Die Generationenfrage kommt auf, und wie fest man das Unwissen und Unverständnis älterer Menschen hinnehmen soll, aber eigentlich stimmen die meisten Julia zu: «Und man kann sagen, es ist eine andere Generation oder, kann man ja vielleicht entschuldigen, aber auch diese Leute, finde ich, muss man konfrontieren damit». Es wird sich Mut zugesprochen im Raum, Erlebnisse und Visionen geteilt.

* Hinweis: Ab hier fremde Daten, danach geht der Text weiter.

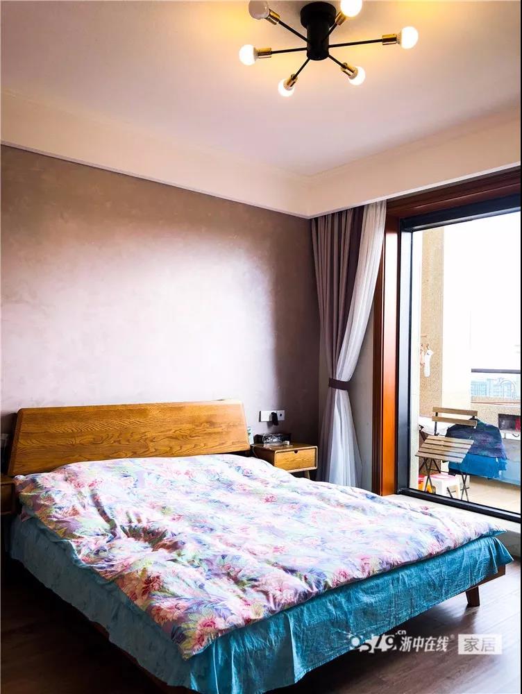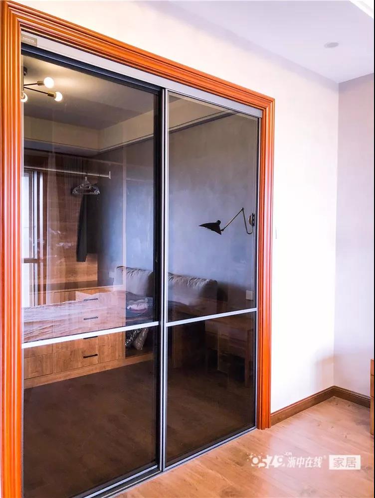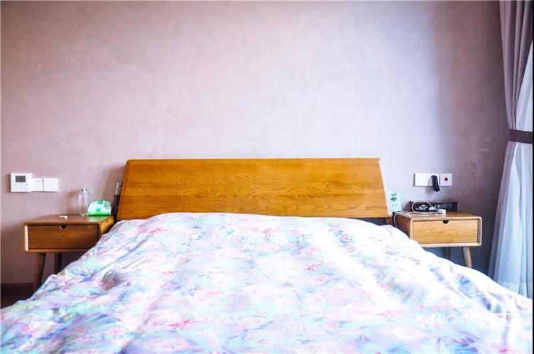 一個(gè)擁有超大衣帽間的臥室,真的是超幸福的,復(fù)古的臺(tái)燈搭配原木色的家具、深色的床品,素雅不失溫馨。

«Es ist eben eine ständige Herausforderung in unserer Gesellschaft, nicht nur vom Arbeitsplatz. [...] Man muss immer dranbleiben und das ist anstrengend. Aber es ist auch etwas Schönes, wenn es gelingt. Aber das muss man wissen, das ist nicht der einfache Weg.» - Eva Buff Keller
Als es wieder ums GIUZ konkret geht, wird diesmal das Studium angesprochen. Einerseits geht es dabei darum, was das Studium für das Verständnis von Feminismus leistet, und ob dies genug ist, andererseits um den Aktivismus der Student:innen von heute. Man ist sich nicht eins, ob im Studium dem Feminismus mehr Platz eingeräumt werden soll. So wird man innerhalb verschiedener Module auf das Thema sensibilisiert und verschiedene Aspekte und Theorien werden bereits vermittelt, eine andere Teilnehmerin meint hingegen, man könne sich gut davor drücken. Darauf aufbauend geht es auch um das eigene Interesse und Engagement. Die Podiumsdiskussion lud tatkräftige Frauen ein, die sich damals im Studium für Frauenrechte und feministische Themen stark gemacht haben. Die heutigen Student:innen engagieren sich im Vergleich dazu wenig bis gar nicht, was aber nicht zuletzt an der veränderten Art zu studieren und den damit verbundenen wenigen Freiheiten im Semester liegt. Gleichzeitig kommt auch zur Sprache, wie die Jungen heute darüber reden und sich auch in Diskussionen positionieren. Feminismus heute sei, sich trotz all dem Fortschritt immer noch für eine Besserung einzusetzen und auch Missstände zu konfrontieren. So meint Oliver, einer der studentischen Moderatoren: «Ich glaube, bei dieser Thematik kann man sagen, dass sie uns dennoch alle betrifft, egal, ob man sich angesprochen fühlt oder nicht». Auch Karin greift das Engagement der Studierenden heute auf: «Also da, wo sich etwas bewegt, da finden die heißen Diskussionen statt und ich finde es eigentlich total spannend, so wie ich die aktive, die momentane Studierendengeneration erlebe, dass sie in vielen Fällen hinterfragen: ‘Welche Welt wollen wir überhaupt? Welche Gesellschaft wollen wir überhaupt?’»
Die aufbrecherische Stimmung zieht sich auch durch den Abschluss der Diskussion durch und vielerorts hört man die Diskussionen auch noch beim Apéro danach. Das Thema bewegt, und ein Ende der Kontroversen um den Feminismus ist noch nicht absehbar.